WHAT THE TASK REQUIRES -
Look in the data below for the line that has "The Prime Minister, Justin", then print exactly every line from there through the line that has "エステ番長 ご覧の皆様へ<br /><br", leaving pictures out.

GIVEN DATA -
►

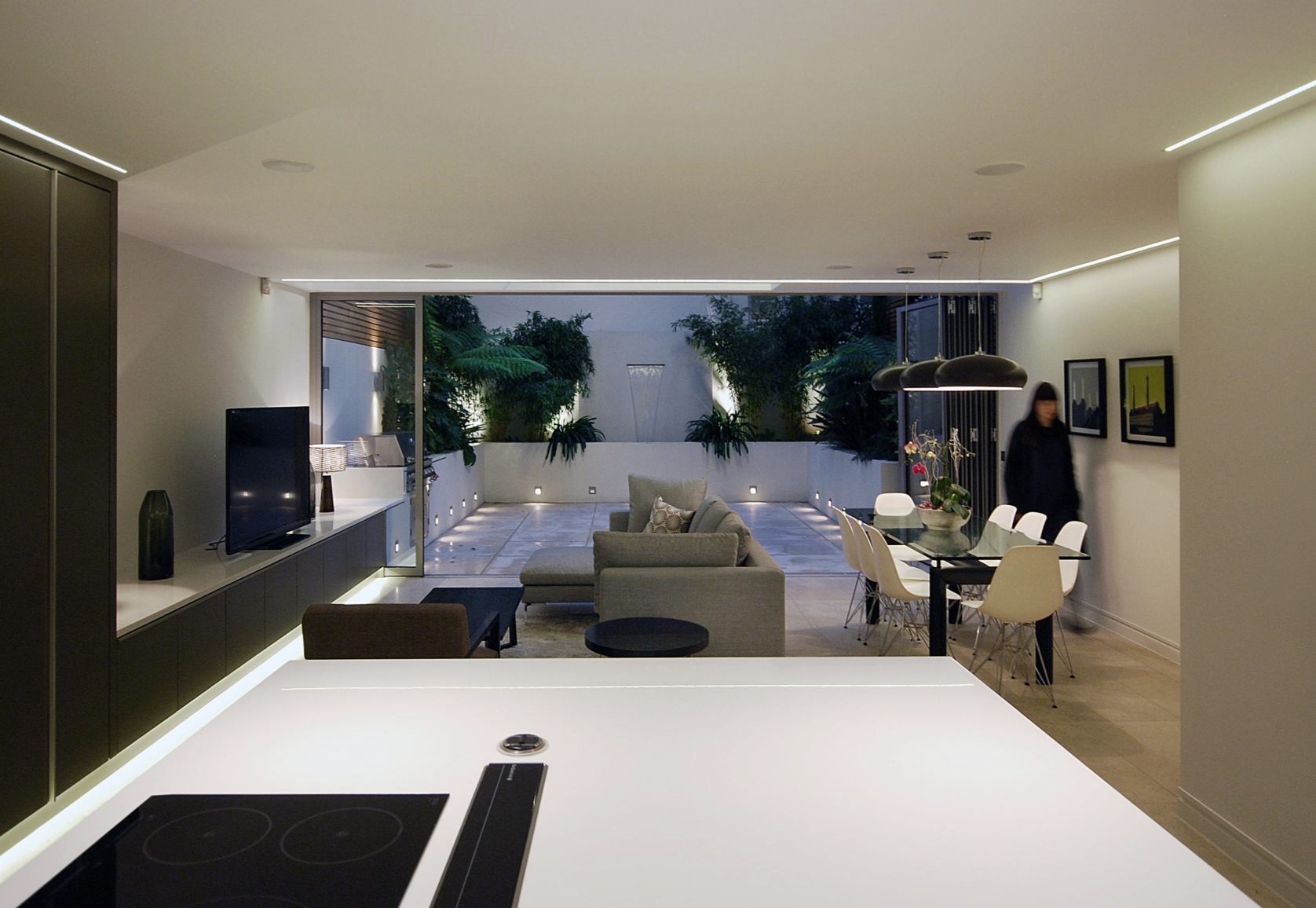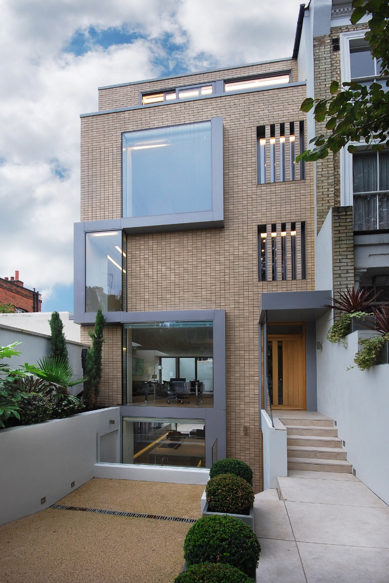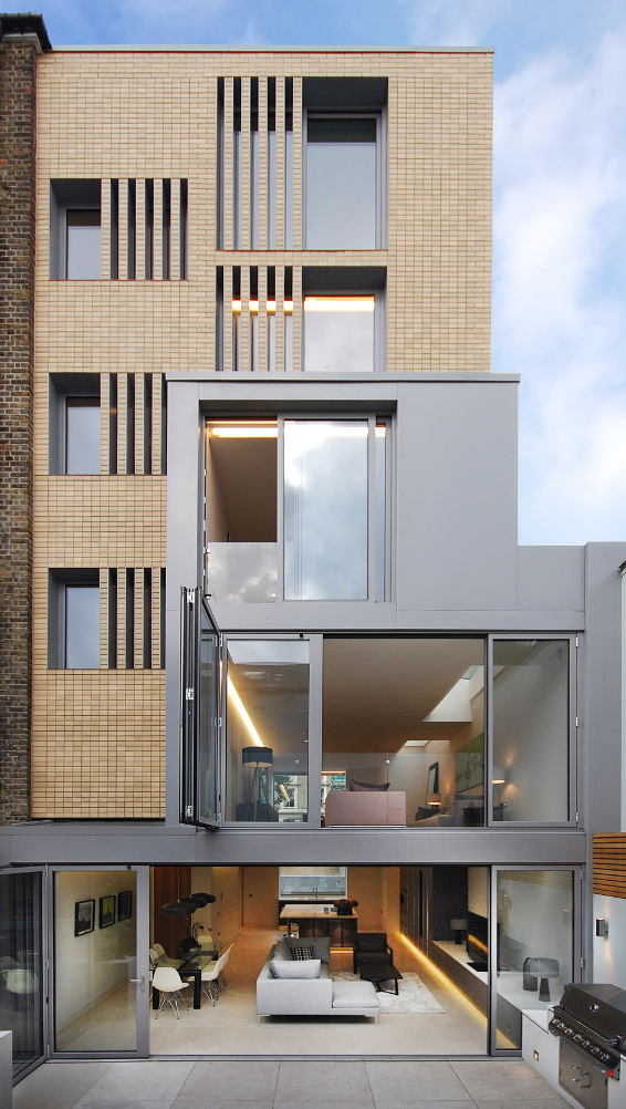 Set amongst the period villas and terraces that surround Holland Park in London's Royal Borough of Kensington and Chelsea the new build family house arranged over five floors with a strongly contemporary appearance has full width folding glazed doors to the lower two floors enabling the living spaces to be opened up to the courtyard garden beyond.
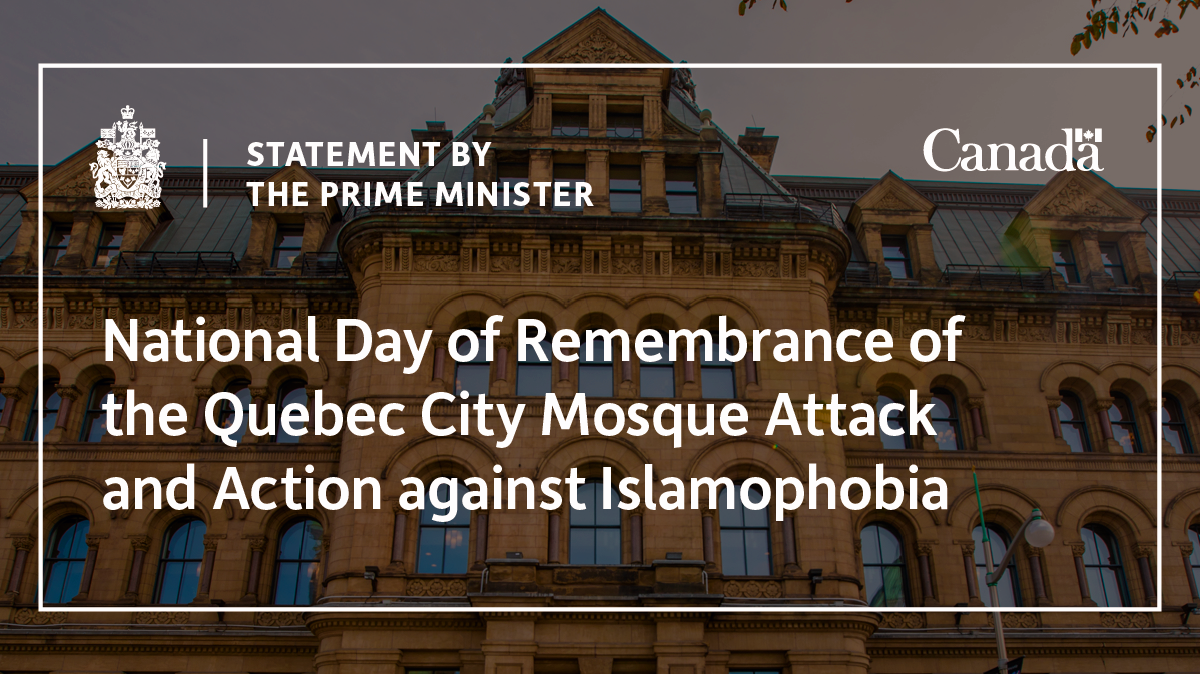 The Prime Minister, Justin Trudeau, today issued the following statement on the National Day of Remembrance of the Quebec City Mosque Attack and Action against Islamophobia:
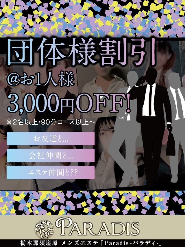 エステ番長 ご覧の皆様へ<br /><br />(●^o^●)お疲れ様です...パラディです🌴<br /><br />【団体様割引】のご案内ですよ♪<br /><br />▼2名以上で・90分コース以上~<br /><br />@お一人様、3,000円割引致します!!<br /><br />お友達同士・会社仲間さん・エステ同志さん???<br /><br />☆今すぐでも大丈夫です!(^O^)/<br /><br />(^_-)-☆是非『エステ番長 』見た!で、ご予約を...<br /><br /><br />▼事前予約受付中▼<br />https://esthe-paradis.com/contact.php<br /><br />(^O^)/❤超絶癒しのメンズエステを体感あれ!是非ご予約を♪<br /><br />---------------------------------------------------------------<br />▼那須塩原 メンズエステ▼ <br />お店:Paradis-パラディ-<br />HP:https://esthe-paradis.com/<br />TEL:070-2640-4256<br />営業時間:9:00~翌2:00 (受付終了)<br />---------------------------------------------------------------
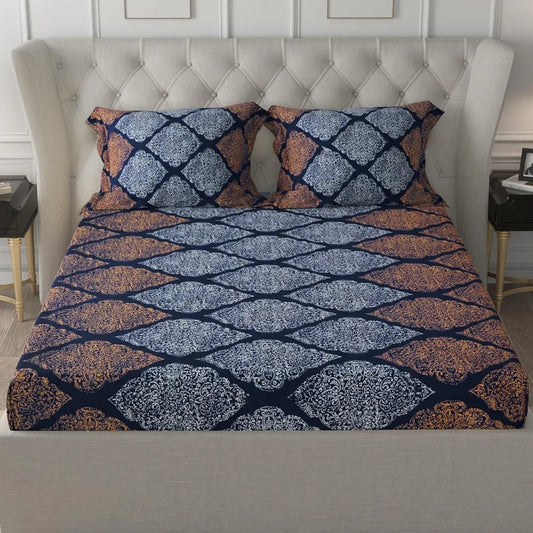 Cloth Fusion Elastic Fitted Queen Size Bed Sheet with 2 Pillow Covers Midnight Paisley Colour

◄

RESPONSE BELOW -
 The Prime Minister, Justin Trudeau, today issued the following statement on the National Day of Remembrance of the Quebec City Mosque Attack and Action against Islamophobia:
 エステ番長 ご覧の皆様へ<br /><br />(●^o^●)お疲れ様です...パラディです🌴<br /><br />【団体様割引】のご案内ですよ♪<br /><br />▼2名以上で・90分コース以上~<br /><br />@お一人様、3,000円割引致します!!<br /><br />お友達同士・会社仲間さん・エステ同志さん???<br /><br />☆今すぐでも大丈夫です!(^O^)/<br /><br />(^_-)-☆是非『エステ番長 』見た!で、ご予約を...<br /><br /><br />▼事前予約受付中▼<br />https://esthe-paradis.com/contact.php<br /><br />(^O^)/❤超絶癒しのメンズエステを体感あれ!是非ご予約を♪<br /><br />---------------------------------------------------------------<br />▼那須塩原 メンズエステ▼ <br />お店:Paradis-パラディ-<br />HP:https://esthe-paradis.com/<br />TEL:070-2640-4256<br />営業時間:9:00~翌2:00 (受付終了)<br />---------------------------------------------------------------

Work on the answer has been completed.